• _Work to complete_
Instruction for the entries below: return the part that opens with the line containing "来到古树所在的第三层平台,这" and closes with the line containing "2023年12月份煙氣排放公示", exactly, and no pictures.

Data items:
BEGIN

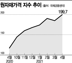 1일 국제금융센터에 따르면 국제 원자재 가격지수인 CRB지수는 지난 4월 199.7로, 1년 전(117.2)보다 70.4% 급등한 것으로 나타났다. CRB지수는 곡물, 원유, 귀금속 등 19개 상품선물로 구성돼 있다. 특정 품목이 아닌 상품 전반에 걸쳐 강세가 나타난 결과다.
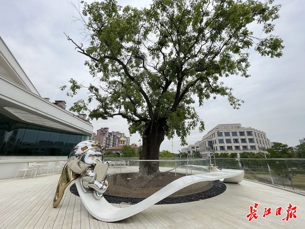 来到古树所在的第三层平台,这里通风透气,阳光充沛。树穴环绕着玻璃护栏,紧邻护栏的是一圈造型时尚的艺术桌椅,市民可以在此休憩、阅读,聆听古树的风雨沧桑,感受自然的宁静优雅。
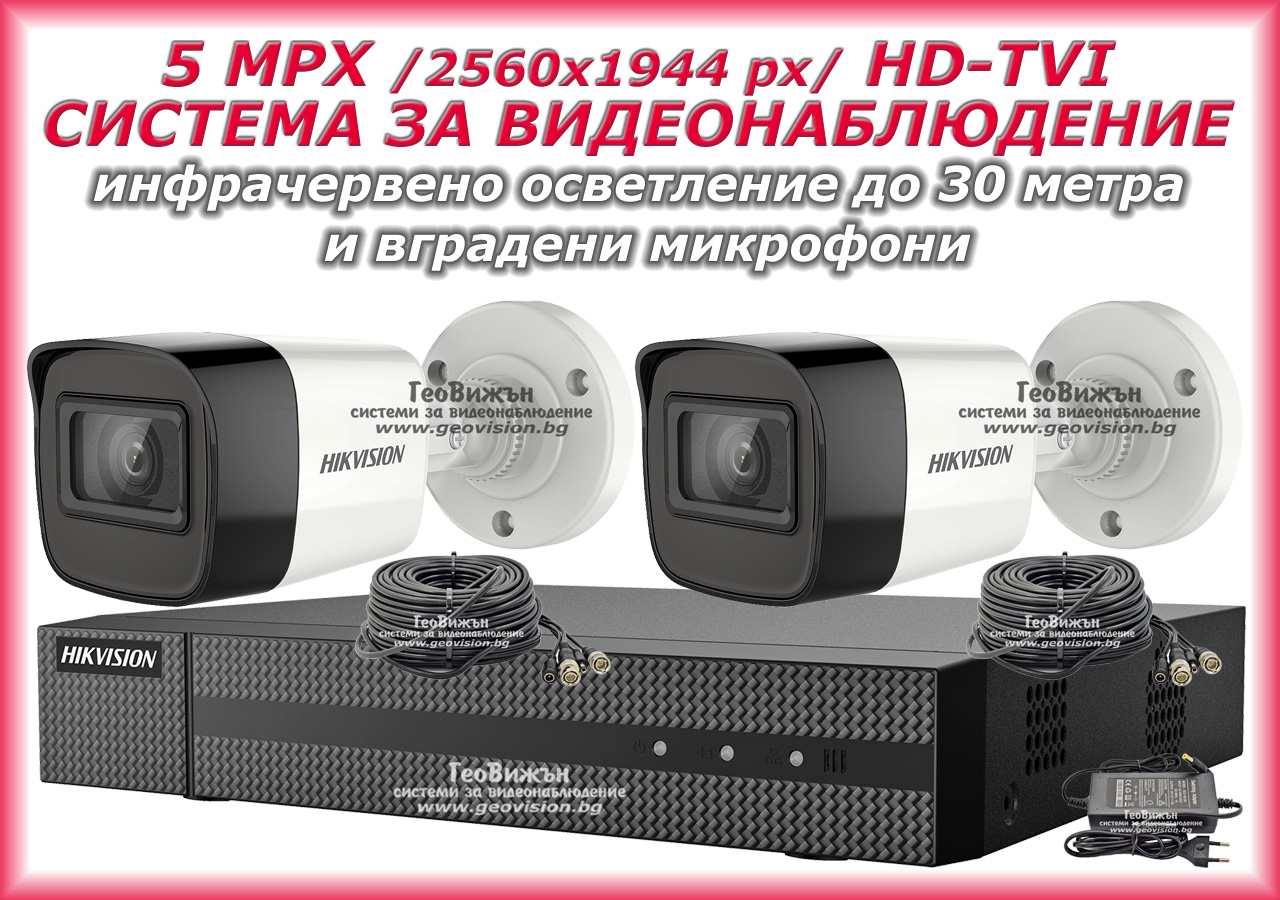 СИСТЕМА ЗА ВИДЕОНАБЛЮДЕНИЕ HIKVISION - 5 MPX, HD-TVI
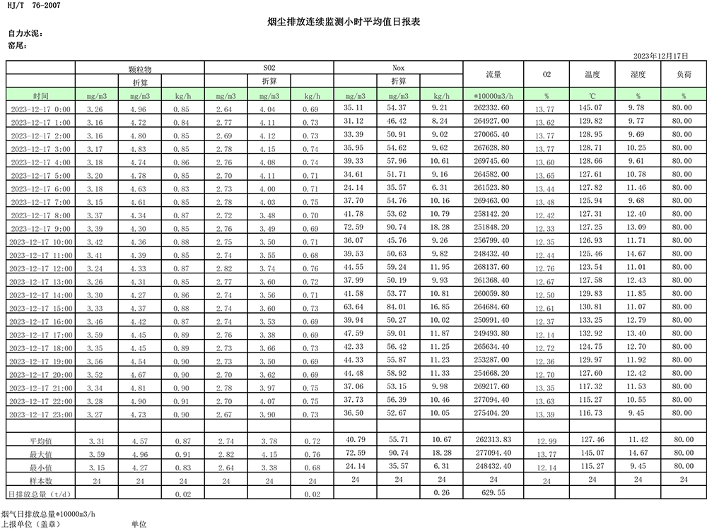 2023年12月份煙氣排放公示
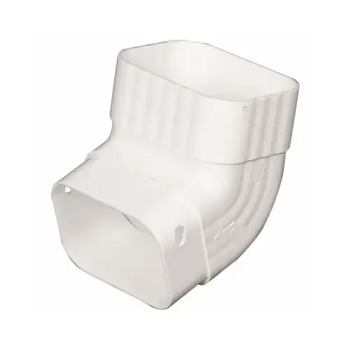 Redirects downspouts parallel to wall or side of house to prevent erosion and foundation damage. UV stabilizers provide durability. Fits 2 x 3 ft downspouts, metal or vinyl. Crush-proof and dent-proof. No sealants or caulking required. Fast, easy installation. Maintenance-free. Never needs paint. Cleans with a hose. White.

END

• _Expected output_
 来到古树所在的第三层平台,这里通风透气,阳光充沛。树穴环绕着玻璃护栏,紧邻护栏的是一圈造型时尚的艺术桌椅,市民可以在此休憩、阅读,聆听古树的风雨沧桑,感受自然的宁静优雅。
 СИСТЕМА ЗА ВИДЕОНАБЛЮДЕНИЕ HIKVISION - 5 MPX, HD-TVI
 2023年12月份煙氣排放公示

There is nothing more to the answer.